Karena itu, menurut dia, upaya menekan angka kematian ibu dan bayi tidak dapat hanya dibebankan kepada tenaga kesehatan.
“Kesehatan ibu dan bayi merupakan indikator keberhasilan pembangunan kesehatan. Setiap ibu berhak menjalani kehamilan yang sehat. Oleh karena itu, upaya menurunkan angka kematian ibu dan angka kematian bayi harus menjadi tanggung jawab kita bersama, bukan hanya sektor kesehatan semata,” ujar Harno.
Harno menjelaskan inovasi TELPONI merupakan bentuk gotong royong masyarakat dalam menjaga keselamatan ibu dan bayi.
Melalui program tersebut, masyarakat didorong untuk menemokno atau menemukan ibu hamil berisiko tinggi, laporno apabila terdapat kondisi kegawatdaruratan, dan memastikan pasien segera openi atau mendapatkan penanganan yang tepat di fasilitas pelayanan kesehatan.
Harno berharap komitmen yang dibangun tidak berhenti pada kegiatan seremonial, tetapi dilanjutkan dengan aksi nyata dan kolaborasi berkelanjutan.
“Komitmen yang kita bangun hari ini hendaknya tidak berhenti sebagai seremonial saja, tetapi diwujudkan melalui aksi nyata, kolaborasi yang berkelanjutan, serta kepedulian yang tinggi terhadap keselamatan ibu dan bayi,” tegasnya.
Ia optimistis keterlibatan berbagai pihak dapat membantu Kabupaten Rembang mempertahankan tren penurunan angka kematian ibu dan bayi sekaligus meningkatkan kualitas pelayanan kesehatan.
Kepala Dinas Kesehatan Kabupaten Rembang, dr.

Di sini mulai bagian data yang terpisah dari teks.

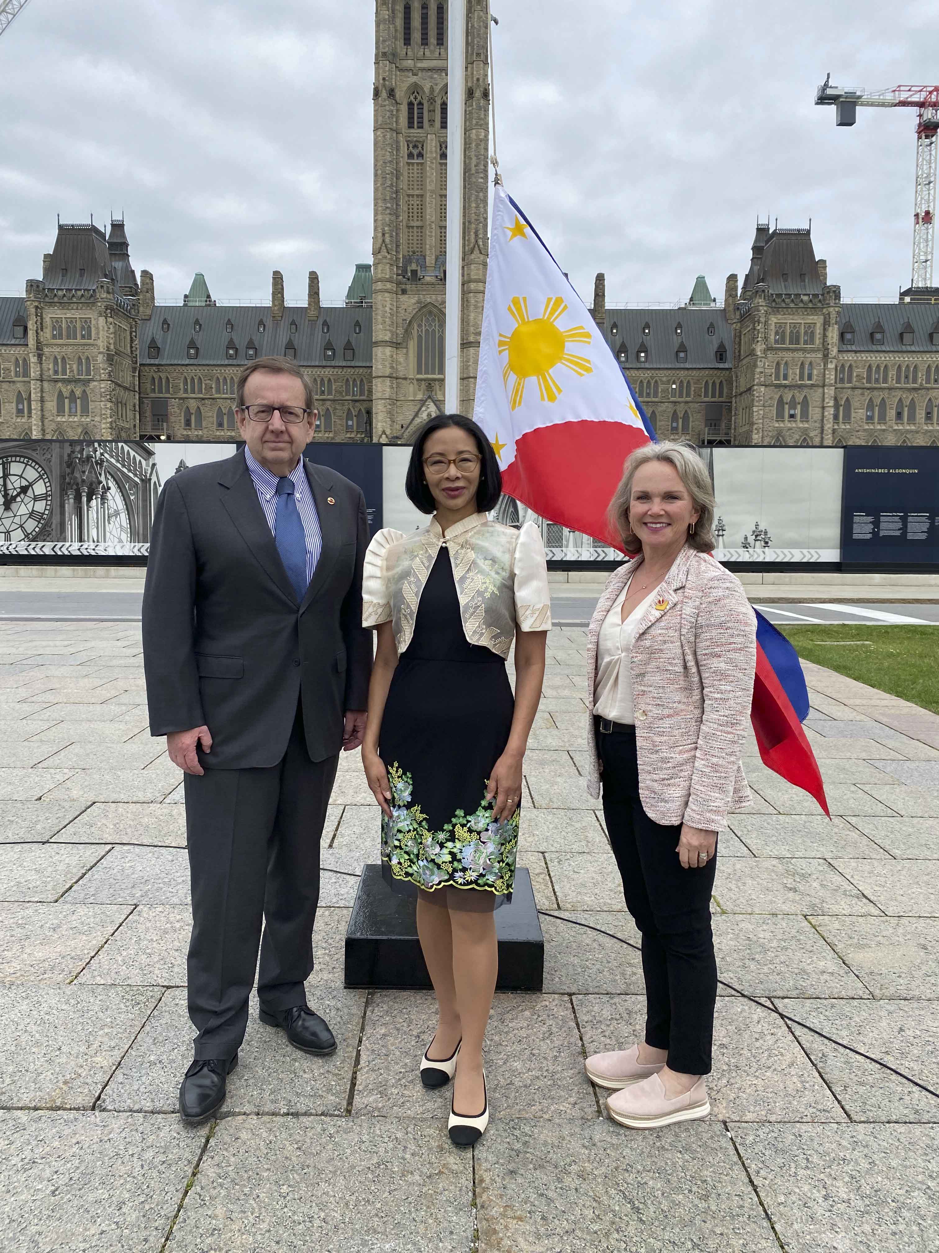 Wednesday, June 12, 2024 – From left to right, senators Percy E. Downe, Flordeliz (Gigi) Osler and Mary Robinson; flag raising for the 126th Anniversary of Philippine Independence; Parliament Hill, Ottawa, Ontario.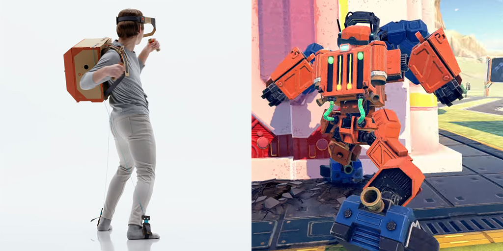 Второй набор — Nintendo Labo Robot Kit — VR-робот-рюкзак. Эта игра состоит, грубо говоря, из 4 частей. Рюкзак с установленным джойстиком вешается на спину, из него исходят специальные веревочки. Части для ног крепятся на ступнях и «общаются» с рюкзаком посредством веревочек. Части для рук тоже соединены с рюкзаком веревочками. Наконец, на лоб вешается эдакий VR-шлем с джойстиком (судя по всему, следит за положением головы), в который установлена Switch с игрой — в видео это что-то с «Трансформерами».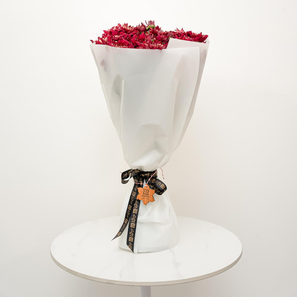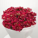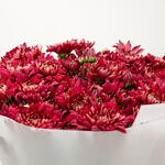 Une composition audacieuse et vibrante de chrysanthèmes rouges, cette création dégage passion et énergie. Ces fleurs flamboyantes sont sûres de faire sensation et d'ajouter une touche de drame à n'importe quel espace.
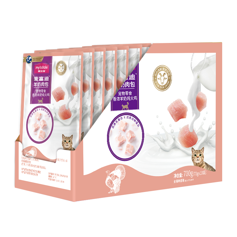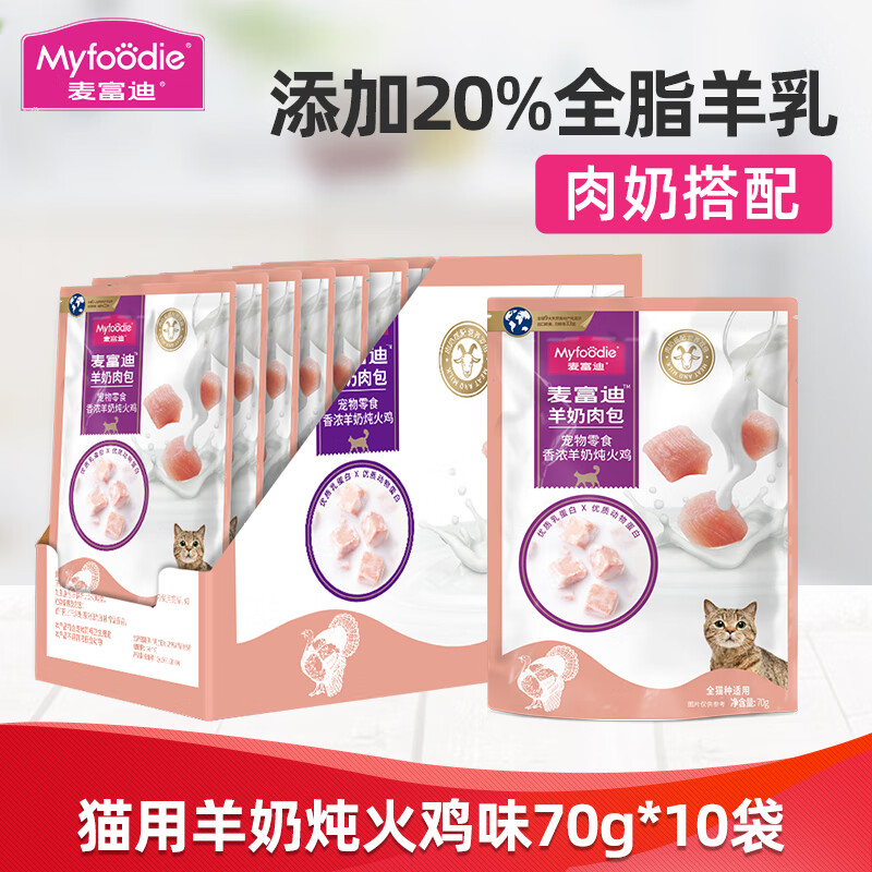 麦富迪猫湿粮 猫零食羊奶肉包 成猫幼猫肉粒包软包猫罐头湿粮 羊奶炖火鸡味 70g*10袋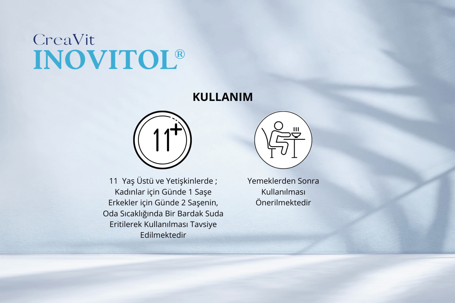 Bir kutu Inovitol®, 30 saşe içermektedir. 11 yaş üstü ve yetişkinler için önerilen günlük kullanım dozu ihtiyaca göre günde 1 ya da 2 saşedir.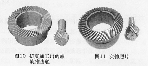 选择一对螺旋锥齿轮,其加工参数如表1。将参数输入仿真程序,运行程序后可在CATIA V5窗口中看到加工过程。图9为仿真加工过程的一幅瞬时图。加工完成后,对模型添加其它特征后可得最终模型图,如图10。图11是在YH603铣齿机上用与加工仿真软件相同的数据,实际加工出的一对相啮合的螺旋锥齿轮实物照片。从图上看,加工仿真图和实物图的齿形齿向是一致的。经实际检验,仿真结果与实际结果也是符合的。由此说明数控加工仿真系统可以非常精确地模拟出CNc铣齿机实际加工过程,仿真结果是准确、可靠的。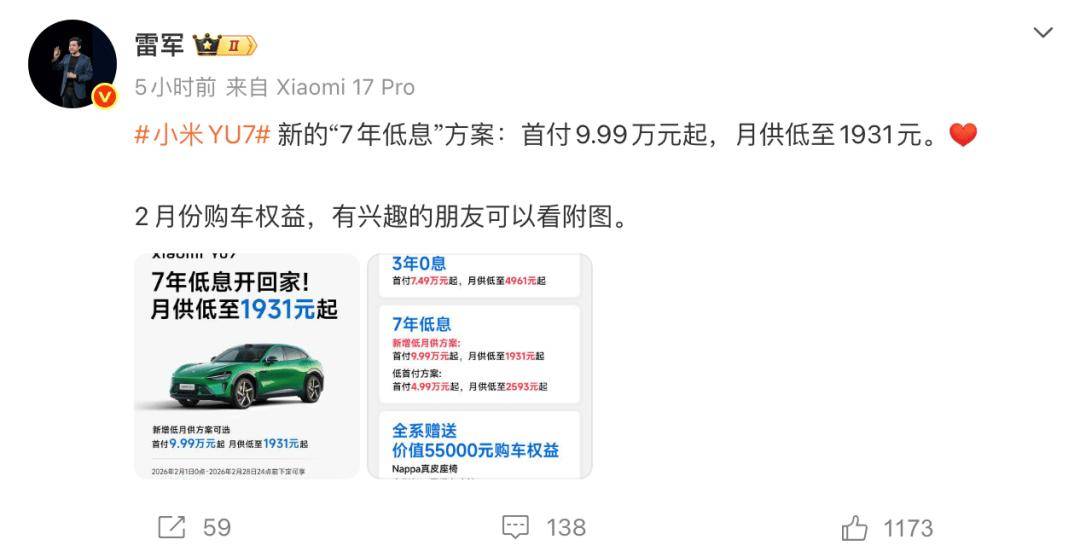 此外,不想貸款過長的用戶還能選擇3年0息方案,即首付7.49萬元起,月供低至4961元起。據了解,用戶在2月28日24點前下定,可享限時權益。雷軍還確認,一月鎖單未交付的用戶同樣能享受以上權益。
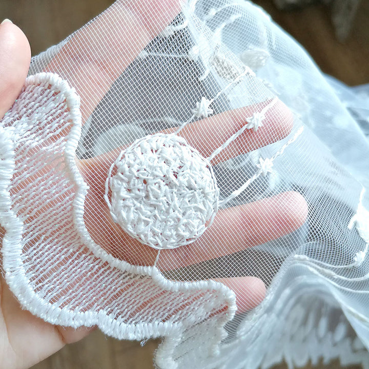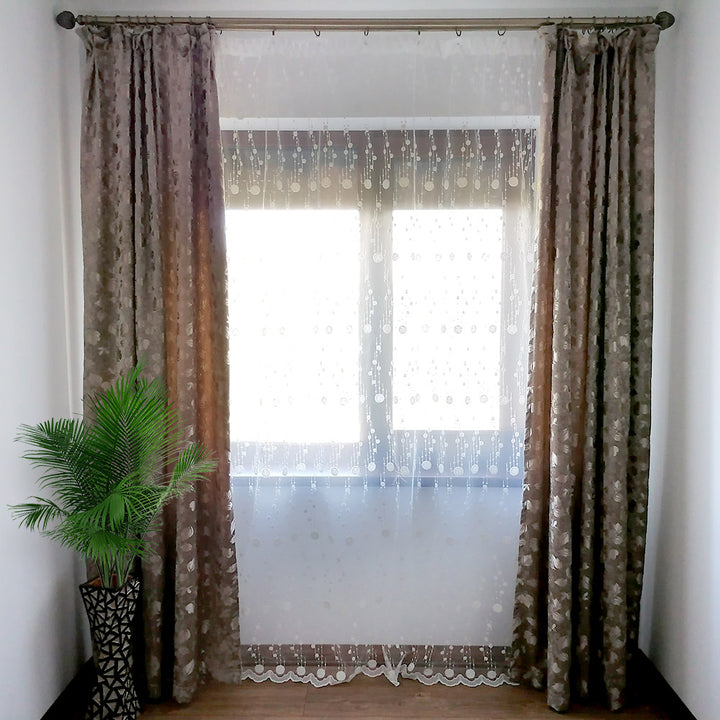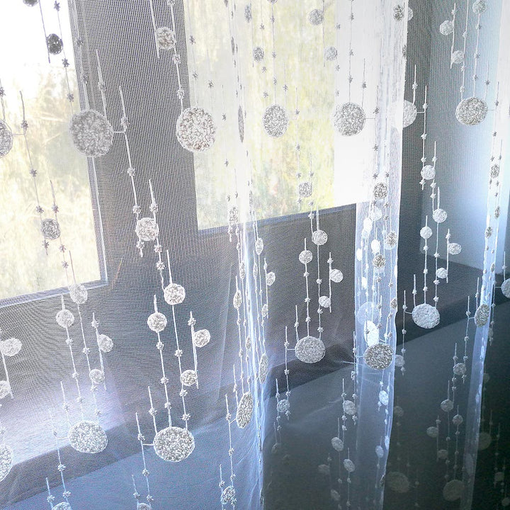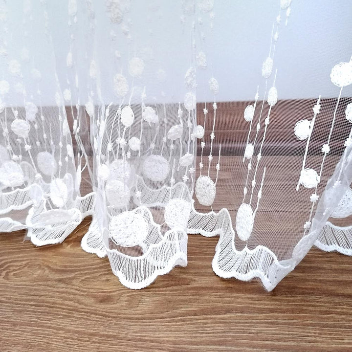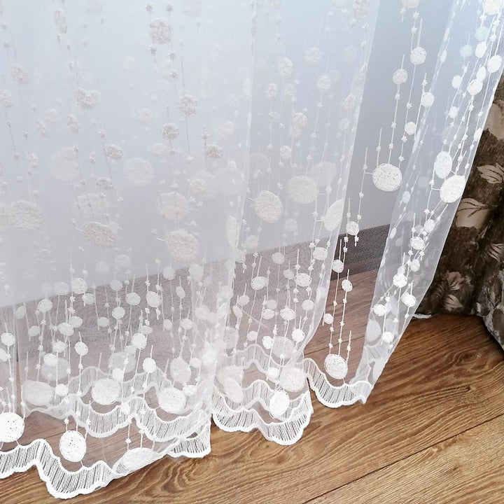 Gardinen mit Kleiner Kugelstickerei Elfenbein – mit Kräuselband (1 Stück)

Ali Sofii, mengatakan kematian ibu dan bayi masih menjadi tantangan pembangunan kesehatan. Karena itu, capaian yang telah diraih perlu terus dijaga melalui kerja sama lintas sektor.
Berdasarkan data 2025, tercatat lima kasus kematian ibu di Kabupaten Rembang. Angka tersebut setara sekitar 72 kematian per 100 ribu kelahiran hidup.
“Jumlah kematian ibu di tahun 2025 adalah sebesar lima kematian ibu. Ini merupakan angka terendah sepanjang sejarah Kabupaten Rembang,” kata Ali.
Sementara itu, jumlah kematian bayi pada 2025 tercatat 96 kasus, atau sekitar 14 kematian per 1.000 kelahiran hidup. Capaian tersebut juga disebut sebagai salah satu yang terendah sepanjang sejarah Kabupaten Rembang.
“Kematian bayi di tahun 2025 berada di angka 96 kasus atau sekitar 14 per 1.000 kelahiran hidup. Ini juga merupakan capaian yang cukup baik dan termasuk yang terendah sepanjang sejarah di Kabupaten Rembang,” jelasnya.
Meski mencatat capaian terbaik, Ali mengingatkan agar seluruh pihak tidak berpuas diri. Pencegahan dan penanganan risiko harus terus diperkuat, terutama melalui deteksi dini dan respons cepat terhadap kondisi kegawatdaruratan.
Menurutnya, penggalangan komitmen menjadi momentum menyatukan langkah seluruh unsur, mulai dari OPD, rumah sakit, puskesmas, organisasi profesi kesehatan, kader, hingga masyarakat.
Melalui TELPONI, setiap unsur diharapkan memiliki peran dalam menemukan ibu hamil berisiko, mempercepat pelaporan ketika terjadi kegawatdaruratan, serta memastikan pasien memperoleh penanganan medis secara cepat dan tepat.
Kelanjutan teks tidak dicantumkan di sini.